This yields the following type for add: {st: {v:’sv | a(v)} option; dy: (’c,{v:’dv | a(v)}) code} -> {st: {w:’sv | b(w)} option; dy: (’c,{w:’dv | b(w)}) code} -> {st: {r:’sv | \exists x,y s.t. a(x) /\ b(y) /\ r = x + y} option; dy: (’c,{r:’dv | \exists x,y s.t. a(x) /\ b(y) /\ r = x + y}) code}
Let’s now try and check each arm of
let add e1 e2 = match e1, e2 with
| {st = Some 0}, e | e, {st = Some 0} -> e
| {st = Some m}, {st = Some n} -> int (R.add m n)
| _ -> pdyn (C.add (abstr e1) (abstr e2))

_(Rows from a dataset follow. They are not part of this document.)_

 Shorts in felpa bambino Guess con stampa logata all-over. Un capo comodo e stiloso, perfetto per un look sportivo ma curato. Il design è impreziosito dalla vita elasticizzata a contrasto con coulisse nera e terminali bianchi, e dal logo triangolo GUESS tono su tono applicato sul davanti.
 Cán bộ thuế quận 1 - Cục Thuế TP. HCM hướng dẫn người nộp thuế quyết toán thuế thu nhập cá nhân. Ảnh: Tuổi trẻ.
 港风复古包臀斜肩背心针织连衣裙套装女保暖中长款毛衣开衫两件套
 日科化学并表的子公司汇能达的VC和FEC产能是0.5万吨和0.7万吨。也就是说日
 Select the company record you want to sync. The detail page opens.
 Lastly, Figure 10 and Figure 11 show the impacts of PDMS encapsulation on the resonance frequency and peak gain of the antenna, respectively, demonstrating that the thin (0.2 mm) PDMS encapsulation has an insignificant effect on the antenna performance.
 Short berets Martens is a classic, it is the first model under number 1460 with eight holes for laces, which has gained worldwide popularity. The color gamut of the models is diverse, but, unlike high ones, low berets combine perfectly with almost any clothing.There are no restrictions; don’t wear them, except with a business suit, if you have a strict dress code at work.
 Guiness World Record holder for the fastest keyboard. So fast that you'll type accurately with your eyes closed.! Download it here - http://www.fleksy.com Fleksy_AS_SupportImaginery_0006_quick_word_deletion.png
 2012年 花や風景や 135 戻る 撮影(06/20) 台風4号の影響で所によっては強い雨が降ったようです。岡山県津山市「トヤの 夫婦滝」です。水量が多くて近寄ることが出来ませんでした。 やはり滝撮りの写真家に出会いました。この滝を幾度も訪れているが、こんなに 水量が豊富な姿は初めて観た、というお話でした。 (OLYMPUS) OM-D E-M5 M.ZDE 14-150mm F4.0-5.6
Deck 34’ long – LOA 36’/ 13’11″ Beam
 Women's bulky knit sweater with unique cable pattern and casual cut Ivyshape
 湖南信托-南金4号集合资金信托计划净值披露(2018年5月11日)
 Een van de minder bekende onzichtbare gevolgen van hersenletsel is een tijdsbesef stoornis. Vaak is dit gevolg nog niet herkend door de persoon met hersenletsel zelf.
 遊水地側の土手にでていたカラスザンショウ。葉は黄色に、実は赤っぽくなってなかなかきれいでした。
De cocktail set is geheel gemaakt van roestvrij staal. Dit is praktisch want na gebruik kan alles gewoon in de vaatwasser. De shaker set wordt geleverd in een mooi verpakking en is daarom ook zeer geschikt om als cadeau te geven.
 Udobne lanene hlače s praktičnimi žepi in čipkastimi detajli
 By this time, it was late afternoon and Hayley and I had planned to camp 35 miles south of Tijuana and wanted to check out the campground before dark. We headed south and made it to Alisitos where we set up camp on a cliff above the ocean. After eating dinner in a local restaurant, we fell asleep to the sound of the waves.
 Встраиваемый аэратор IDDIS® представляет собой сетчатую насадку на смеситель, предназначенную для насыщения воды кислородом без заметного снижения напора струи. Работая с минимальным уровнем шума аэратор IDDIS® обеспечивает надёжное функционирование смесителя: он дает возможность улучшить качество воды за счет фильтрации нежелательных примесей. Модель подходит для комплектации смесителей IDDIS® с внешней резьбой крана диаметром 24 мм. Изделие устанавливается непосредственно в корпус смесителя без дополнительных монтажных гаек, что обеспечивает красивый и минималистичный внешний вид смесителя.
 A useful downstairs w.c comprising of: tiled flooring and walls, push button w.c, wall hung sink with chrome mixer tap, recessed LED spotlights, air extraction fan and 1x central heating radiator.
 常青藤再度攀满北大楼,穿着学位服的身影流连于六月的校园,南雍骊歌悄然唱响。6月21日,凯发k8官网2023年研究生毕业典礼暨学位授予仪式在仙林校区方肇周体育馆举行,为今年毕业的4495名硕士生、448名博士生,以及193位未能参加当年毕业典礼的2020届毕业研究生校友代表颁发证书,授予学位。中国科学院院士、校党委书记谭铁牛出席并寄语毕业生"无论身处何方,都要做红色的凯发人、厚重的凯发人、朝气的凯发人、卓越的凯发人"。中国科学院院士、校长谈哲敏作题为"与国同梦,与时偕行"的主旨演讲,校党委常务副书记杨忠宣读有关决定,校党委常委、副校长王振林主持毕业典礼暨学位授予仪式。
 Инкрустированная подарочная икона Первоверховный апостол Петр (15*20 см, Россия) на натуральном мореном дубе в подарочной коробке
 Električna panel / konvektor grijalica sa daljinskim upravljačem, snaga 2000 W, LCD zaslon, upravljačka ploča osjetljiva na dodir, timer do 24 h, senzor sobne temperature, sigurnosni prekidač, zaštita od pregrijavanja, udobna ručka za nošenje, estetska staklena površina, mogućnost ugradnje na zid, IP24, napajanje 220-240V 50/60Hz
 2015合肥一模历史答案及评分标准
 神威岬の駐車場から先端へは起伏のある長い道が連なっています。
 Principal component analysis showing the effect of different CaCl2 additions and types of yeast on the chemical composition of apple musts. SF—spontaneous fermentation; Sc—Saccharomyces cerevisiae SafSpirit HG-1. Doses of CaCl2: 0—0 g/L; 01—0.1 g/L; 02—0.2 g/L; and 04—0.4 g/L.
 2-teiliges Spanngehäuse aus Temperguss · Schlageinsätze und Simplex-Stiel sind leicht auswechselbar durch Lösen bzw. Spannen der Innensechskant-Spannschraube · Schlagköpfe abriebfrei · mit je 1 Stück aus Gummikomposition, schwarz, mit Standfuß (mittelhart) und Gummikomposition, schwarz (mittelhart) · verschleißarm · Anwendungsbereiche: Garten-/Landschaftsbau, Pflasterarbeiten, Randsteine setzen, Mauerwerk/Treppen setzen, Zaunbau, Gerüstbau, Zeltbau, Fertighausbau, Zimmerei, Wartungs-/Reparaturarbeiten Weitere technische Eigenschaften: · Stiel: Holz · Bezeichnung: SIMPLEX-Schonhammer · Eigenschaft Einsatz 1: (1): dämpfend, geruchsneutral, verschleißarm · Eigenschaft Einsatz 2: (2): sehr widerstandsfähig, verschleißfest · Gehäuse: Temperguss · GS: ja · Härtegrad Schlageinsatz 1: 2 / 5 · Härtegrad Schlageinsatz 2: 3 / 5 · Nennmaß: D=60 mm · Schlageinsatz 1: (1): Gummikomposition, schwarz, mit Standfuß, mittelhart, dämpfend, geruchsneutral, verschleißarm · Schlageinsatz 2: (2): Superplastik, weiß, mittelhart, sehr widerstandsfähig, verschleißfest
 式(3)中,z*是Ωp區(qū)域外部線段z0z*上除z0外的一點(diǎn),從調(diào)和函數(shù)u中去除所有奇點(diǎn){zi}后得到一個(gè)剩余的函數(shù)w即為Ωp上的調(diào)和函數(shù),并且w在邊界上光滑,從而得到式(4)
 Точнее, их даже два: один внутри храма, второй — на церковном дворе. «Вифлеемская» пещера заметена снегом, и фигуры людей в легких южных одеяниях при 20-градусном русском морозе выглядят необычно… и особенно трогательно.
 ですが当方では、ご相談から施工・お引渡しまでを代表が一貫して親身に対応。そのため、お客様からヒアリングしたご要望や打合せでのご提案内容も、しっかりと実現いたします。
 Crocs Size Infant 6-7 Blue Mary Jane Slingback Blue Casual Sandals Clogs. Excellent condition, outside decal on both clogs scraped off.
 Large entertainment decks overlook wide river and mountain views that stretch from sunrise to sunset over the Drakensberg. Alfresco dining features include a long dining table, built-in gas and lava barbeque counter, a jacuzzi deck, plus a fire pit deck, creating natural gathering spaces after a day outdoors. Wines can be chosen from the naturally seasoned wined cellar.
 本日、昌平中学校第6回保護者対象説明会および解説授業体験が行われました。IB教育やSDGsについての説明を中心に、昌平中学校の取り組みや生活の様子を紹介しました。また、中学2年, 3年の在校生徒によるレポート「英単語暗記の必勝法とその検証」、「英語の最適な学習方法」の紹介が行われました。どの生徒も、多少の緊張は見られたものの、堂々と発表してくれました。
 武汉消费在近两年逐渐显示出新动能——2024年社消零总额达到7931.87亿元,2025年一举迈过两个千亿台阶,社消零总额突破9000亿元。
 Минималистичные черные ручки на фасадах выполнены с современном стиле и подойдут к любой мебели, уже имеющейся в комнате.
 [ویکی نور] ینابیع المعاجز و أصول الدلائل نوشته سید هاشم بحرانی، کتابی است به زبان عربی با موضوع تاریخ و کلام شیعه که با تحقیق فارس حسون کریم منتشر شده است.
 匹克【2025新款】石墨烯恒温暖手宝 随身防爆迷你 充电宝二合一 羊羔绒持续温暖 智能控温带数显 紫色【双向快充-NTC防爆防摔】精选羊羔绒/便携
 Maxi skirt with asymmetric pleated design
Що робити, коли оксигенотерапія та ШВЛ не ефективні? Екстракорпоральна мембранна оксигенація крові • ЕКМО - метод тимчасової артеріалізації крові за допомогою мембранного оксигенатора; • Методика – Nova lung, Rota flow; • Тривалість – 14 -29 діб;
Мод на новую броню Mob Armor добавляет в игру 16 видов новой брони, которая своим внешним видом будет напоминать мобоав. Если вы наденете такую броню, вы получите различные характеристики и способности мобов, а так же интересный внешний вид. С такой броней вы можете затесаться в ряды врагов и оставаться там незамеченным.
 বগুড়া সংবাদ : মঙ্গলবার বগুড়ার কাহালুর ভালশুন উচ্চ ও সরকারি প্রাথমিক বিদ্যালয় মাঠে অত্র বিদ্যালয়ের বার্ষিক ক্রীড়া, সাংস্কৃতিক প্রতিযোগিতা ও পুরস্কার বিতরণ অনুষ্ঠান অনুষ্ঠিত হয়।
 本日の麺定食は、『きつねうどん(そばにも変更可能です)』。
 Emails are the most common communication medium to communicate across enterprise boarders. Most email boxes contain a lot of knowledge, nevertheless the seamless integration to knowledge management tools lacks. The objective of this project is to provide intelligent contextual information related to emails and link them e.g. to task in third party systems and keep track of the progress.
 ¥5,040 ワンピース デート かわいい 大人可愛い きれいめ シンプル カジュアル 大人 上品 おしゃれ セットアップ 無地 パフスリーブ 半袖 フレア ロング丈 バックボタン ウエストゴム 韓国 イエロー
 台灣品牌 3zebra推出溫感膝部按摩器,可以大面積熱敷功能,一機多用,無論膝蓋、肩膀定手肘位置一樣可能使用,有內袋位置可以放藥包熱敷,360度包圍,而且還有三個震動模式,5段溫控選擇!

The zero-eliminating case {st = Some 0}, e -> e
should work: we find a(0)
and b(w)
hold, and thus r = w = w + 0
satisfies \exists x,y s.t. a(x) /\ b(y) /\ r = x + y
.
Similarly, {st = Some m}, {st = Some n} -> int (R.add m n)
is satisfied
with plain dataflow on predicates a
and b
.
The catch-all case _ -> pdyn (C.add (abstr e1) (abstr e2))
works if
the constructor C.add
is also polymorphic over refinement
predicates. Alternatively, one could also fully drop the predicates
for residualised expressions… the key is that repr
must do the
same thing for arguments as for return values, so it’s internally
consistent.
Refinement preservation can catch logic bugs in our partial evaluator(!), and can be checked without having to think about predicate quantification, or potential scope issues in the predicates.
We keep things maximally polymorphic in specific implementations,
and can check finally encoded programs however we want, assuming
that ('c,'sv,'dv,p) repr = {v:'dv | p(v)}
.
The lam
function is more complex (as always); we want to do
something like the following,
val lam : ((’c,’sa,’da,p) repr -> (’c,’sb,’db,q) repr as ’x)
-> (’c,’x,{v:’da | p(v)} -> {r:’db | q(r)}) repr
but that doesn’t match the pattern. Does it make sense to assume the
dynamic value type always has the refinement predicates applied? A
priori, yes, since dv
only exists for residual terms, and we want
those to preserve refinements.
We could also explode the parameter list even more and have both dv
and rawdv
(without refinements).
The one key thing for refinement preservation is the way we handle
if
:
val if_ : (’c,bool,bool) repr
-> (unit -> ’x) -> (unit -> ’x) -> ((’c,’sa,’da) repr as ’x)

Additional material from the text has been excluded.